Abstract
Higher education institutions are under increasing pressure to produce ‘employment-ready’ graduates. It is necessary to investigate practical and effective ways to embed employability skills within existing degree programmes and structures in order to meet these external pressures and minimise course disruption. This paper describes a case study where a number of traditional ‘research and skills’ focussed physical geography practical sessions have been re-orientated to increase the overt careers relevance of the material covered, by simulating carrying out an environmental baseline survey, including field and laboratory data collection and analysis and report writing. This project was designed and evaluated in collaboration with an environmental consultant in order to ensure the careers relevance of the project. The project proved popular with students, who appreciated the ‘real worldness’ of the exercise.
Introduction
The QAA Code of Practice for Career Education, Information and Guidance is intended to “help higher education institutions to ensure both that they are meeting students’ expectations in respect of their preparedness for their future career, and that they are producing graduates equipped to meet the demands of the employment market of today and tomorrow” (QAA, 2001). In addition to these general pressures on addressing employability issues in higher education, research shows that the majority of graduates enter higher education in order to improve their employment prospects (e.g. CitationGedye et al. 2004), yet there may often be a paucity of direct careers related material presented throughout their degree courses. However, other higher education practitioners question the growing emphasis on employability in higher education teaching and learning, due to a presumed risk of an erosion of the development of “critical intellectual skills” (e.g. CitationJohnston, 1997, Marantz and Warren, 1998). On the other hand, geographers in the UK have been accused of being less successful than other disciplines in forming effective links with the world of employment (CitationJenkins and Healy. 1995). Pressures within higher education from increasing student numbers, reduction in the unit of resource for teaching students (CitationJohnston, 1997), and decreasing staff:student ratios present further barriers to the wholescale redevelopment of course material, and therefore solutions must be sought that try to balance these various pressures, such as ways to re-align existing course material. Realistic work-based simulations have been cited as one way of increasing students’ awareness about employment issues (CitationKneale, 1999). The “Environmental Baseline Teaching Simulation” project presented here provides a case study of how a traditional undergraduate “research skills and techniques” practical programme run as part of an established level 2 Physical Geography degree programme can be re-orientated to provide more explicit applicability to potential graduate employment avenues, and hence meet the challenges of The QAA Code of Practice for Career Education, Information and Guidance (QAA, 2001).

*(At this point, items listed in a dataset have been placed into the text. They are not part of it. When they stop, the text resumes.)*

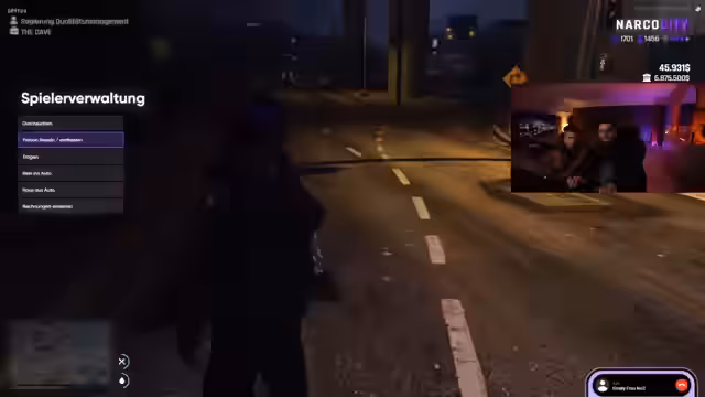 01:17:51Nach der Vorstellung diverser Rollenspiel-Charaktere, darunter Marquez, Peppy und Sosa, beginnt eine neue Spielsession. Marquez meldet sich als Patron zurück und droht den fiktiven Gangsterbanden 'Tangelius' und 'Santanga'. Doch es kommt zu zahlreichen technischen und inhaltlichen Verwirrungen, wie etwa plötzliche Charakterwechsel und unnötig harte Dialoge. Die geplante 'Cave-Party' dropt zu scheitern, da der angekündigte DJ nicht erscheint.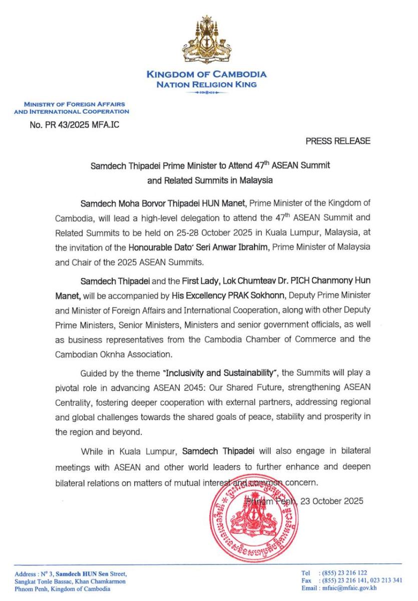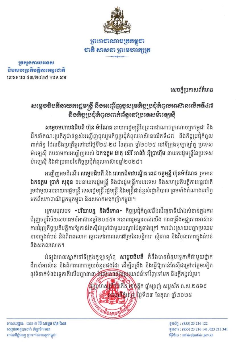 ភ្នំពេញ៖ សម្តេចមហាបវរធិបតី ហ៊ុន ម៉ាណែត នាយករដ្ឋមន្ត្រី នៃព្រះរាជាណាចក្រកម្ពុជា នឹង ដឹកនាំគណៈប្រតិភូជាន់ខ្ពស់ អញ្ជើញចូលរួមកិច្ចប្រជុំកំពូលអាស៊ានលើកទី៤៧ និងកិច្ចប្រជុំកំពូលពាក់ព័ន្ធ ដែលនឹងប្រព្រឹត្តទៅនៅថ្ងៃទី២៥-២៨ ខែតុលា ឆ្នាំ២០២៥ នៅទីក្រុងគូឡាឡាំពួ ប្រទេសម៉ាឡេស៊ី តបតាមការអញ្ជើញរបស់ ឯកឧត្តម ដាតុ ស៊េរី អាន់វ៉ា អ៊ីប្រាហ៊ីម នាយករដ្ឋមន្ត្រីនៃប្រទេស ម៉ាឡេស៊ី និងជាប្រធាននៃកិច្ចប្រជុំកំពូលអាស៊ានឆ្នាំ២០២៥។ នេះបើតាមសេចក្ដីប្រកាសព័ត៌មានរបស់ក្រសួងការបទេសកម្ពុជា។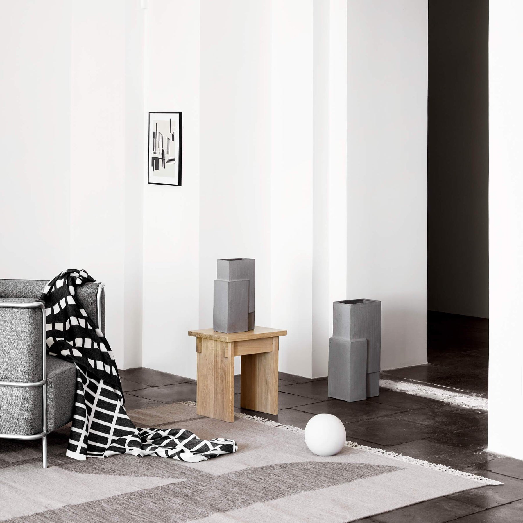 This rug seamlessly blends classic kelim techniques with a modern, minimalist aesthetic. It's not just a rug, but a work of art for your floor that adds a stunning touch to any space. With its rectangular shape, it's easy to incorporate into any room, whether it be a hallway, bedroom, dining area, or wherever it's needed. Crafted from 90% wool and 10% cotton, this rug offers both softness and warmth, making it a popular choice. Plus, wool has natural qualities that make it fire-resistant and resistant to stains. Elevate any interior with a gorgeous, high-quality Danish-designed rug like this contemporary Kelim.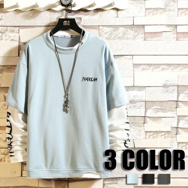 トレーナー メンズ 長袖 プルオーバー フェイクレイヤード メンズ トレーナー 大きいサイズ スウェット プルオーバートレーナー メンズ 3色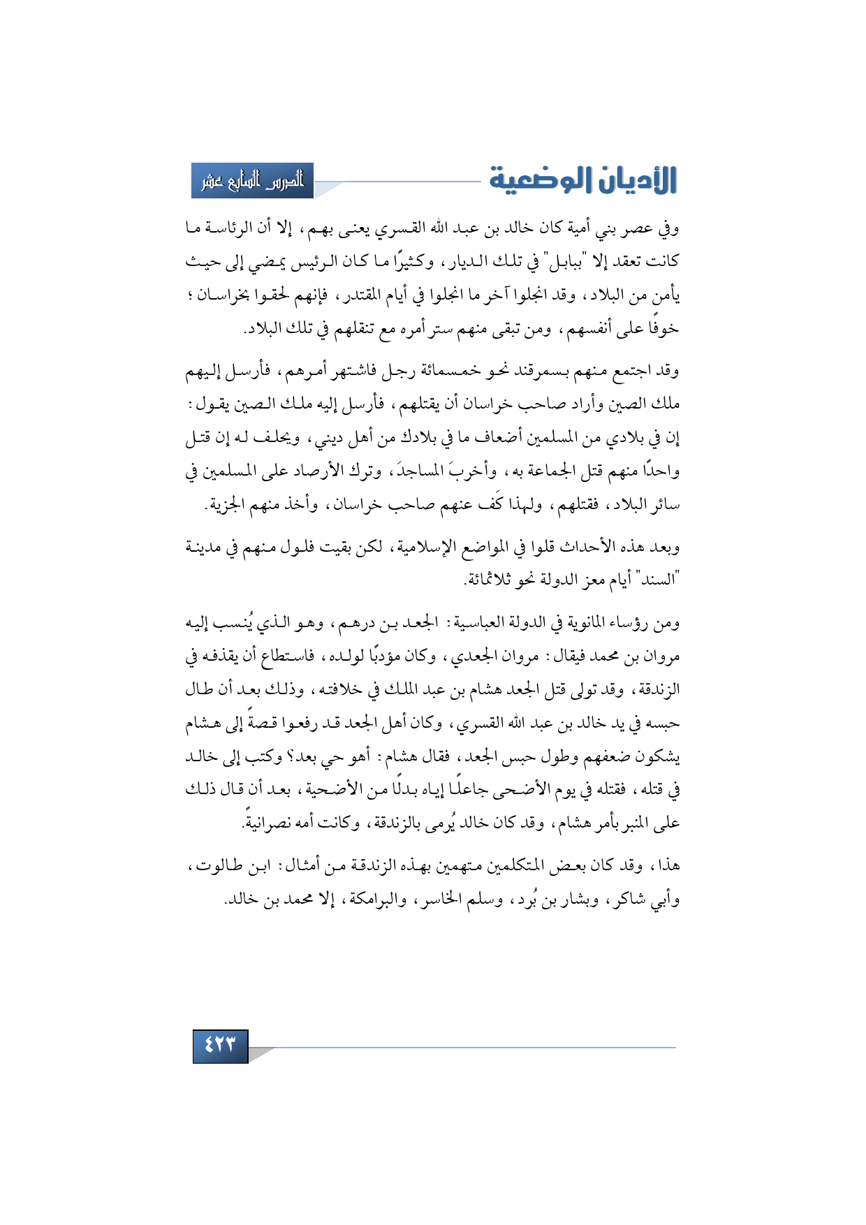 ومن رؤساء المانوية في الدولة العباسية، من هؤلاء الجعد بن درهم، وهو الذي يُنسب إليه مروان بن محمد فيقال: مروان الجعدي، وكان مؤدبًا له ولده، فاستطاع أن يقذفه في الزندقة، وقد تولى قتل الجعد هشام بن عبد الملك في خلافته، وذلك بعد أن طال حبسه في يد خالد بن عبد الله القسري، وكان أهل الجعد قد رفعوا قصةً إلى هشام يشكون ضعفهم وطول حبس الجعد، فقال هشام: أهو حي بعد؟ وكتب إلى خالد في قتله، فقتله يوم أضحى جاعلًا إياه بدلًا من الأضحية، بعد أن قال ذلك على المنبر بأمر هشام، وقد كان خالد يُرمى بالزندقة، وكانت أمه نصرانيةً.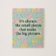 Es ist immer die kleinen Stücke, die das große Bild machen. Das erinnert uns daran zu investieren, aufzutauchen und uns auf jeden Moment und jedes Detail zu konzentrieren, um wirklich zu sein. Wenn man dieses Puzzle Stück für Stück macht, meditiert man über diese Inspiration und man stellt sich dieses Ideal. Der Tag mit 5 Minuten dieses Puzzles gibt Ihnen den Fokus, den ganzen Tag über anwesend zu sein.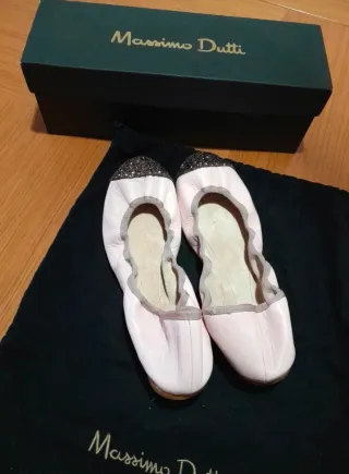 Elegantes bailarinas de piel de Massimo Dutti. - Color rosa con detalles plateados. - Diseño tipo manoletina. - Incluye bolsa guardapolvo de la marca y caja, están sin usar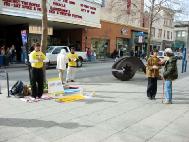 近日,部份西班牙法輪功學員來到中國駐西大使館前抗議江集團虐殺法輪功學員的惡行,強烈要求法辦惡首江澤民及其邪惡幫兇羅幹、劉京、周永康。過往行人看到被迫害致死和致傷的法輪功學員的圖片,非常震驚在中國發生的迫害罪行。一天主教女士在了解了真相後對我們說:「每一個人都應該有信仰的自由。」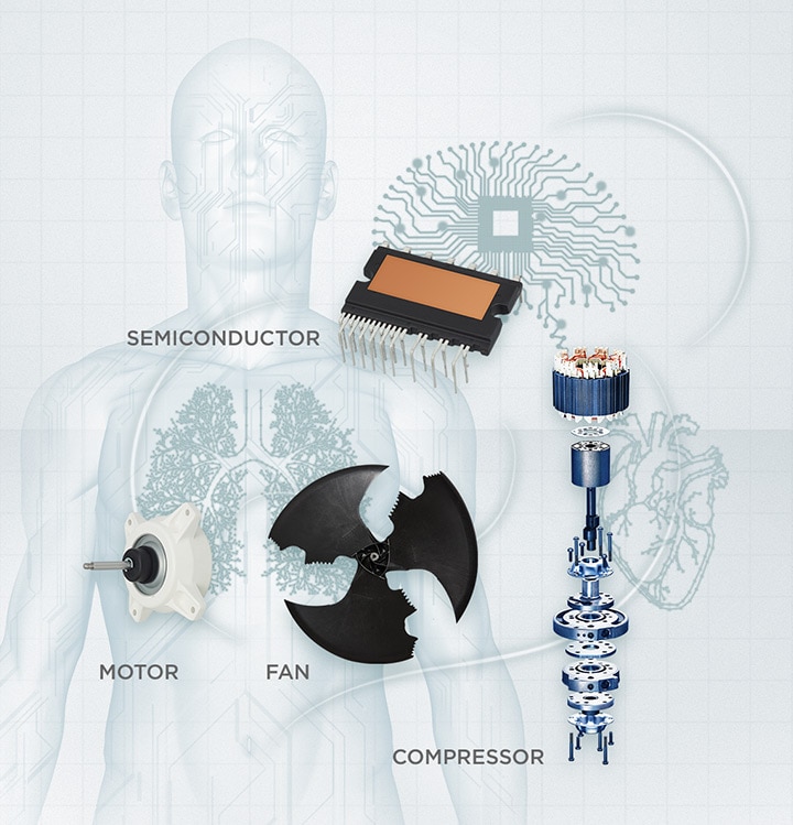 In the same way that the heart, brain, and lungs work together, so the compressor, semiconductor, and fan of an air conditioner play essential roles and must work in harmony. At Mitsubishi Electric, key parts are manufactured in-house. Why? The only way to guarantee the best quality is by taking full control of the core components.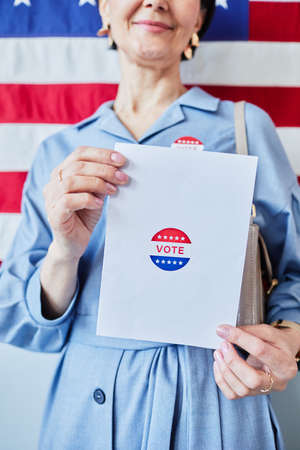 Closeup of smiling woman taking voting ballot on election day with American flag, copy space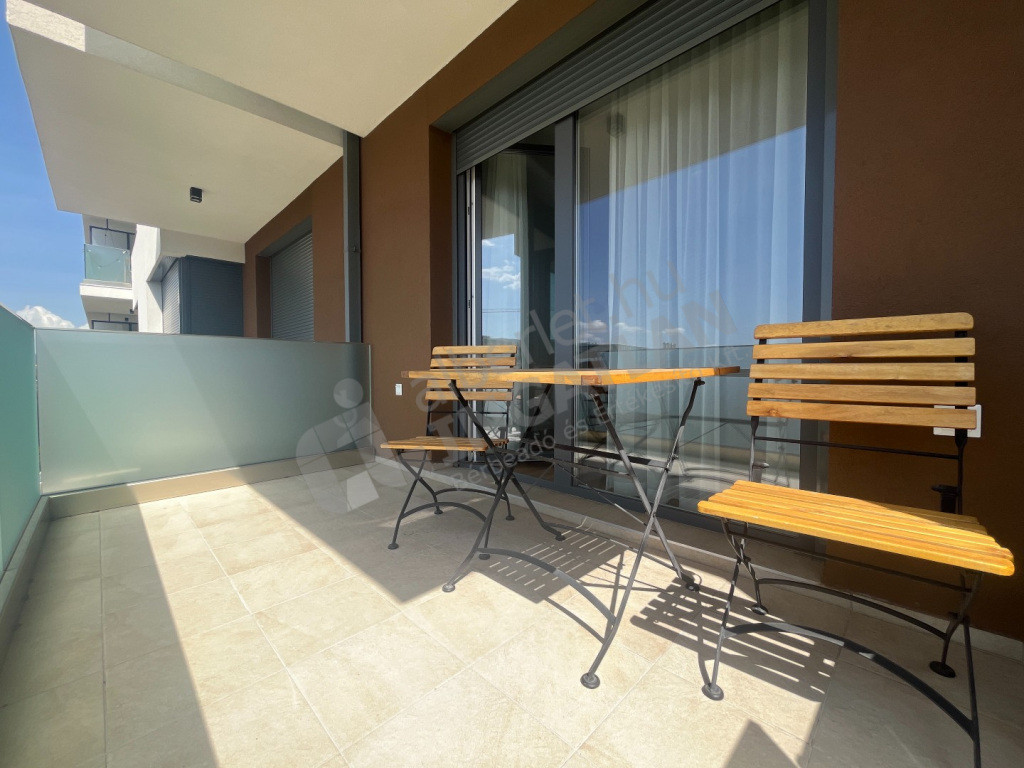 Tágas, 8 nm-es utcafronti terasz, ahová a nappaliból és a hálóból is kiléphetünk

As part of the “Environmental Baseline Teaching Simulation” project (EBTS) a publicly accessible website has been developed and can be found at www.esci.keele.ac.uk/ebts. This website provides: 1) further details on the project and its evaluation; and 2) a resource-set based on data collected from these practical sessions to enable other practitioners to run similar projects, without the need for field data collection.
The Environmental Baseline Teaching Simulation project
The “Environmental Baseline Teaching Simulation” project provides students with the opportunity to conduct a simulated environmental baseline survey. Such surveys are routinely carried out as part of Environmental Impact Assessments undertaken in support of Planning Applications and can form a major part of the work carried out by environmental consultancies, the destination of many geoscience graduates. This project has been developed drawing on the views of an environmental consultant (Technical Director of Geological Services at MJCA), and current literature on employer requirements of ”geo” graduates (e.g. CitationOwen, 2001; Penn, 2001).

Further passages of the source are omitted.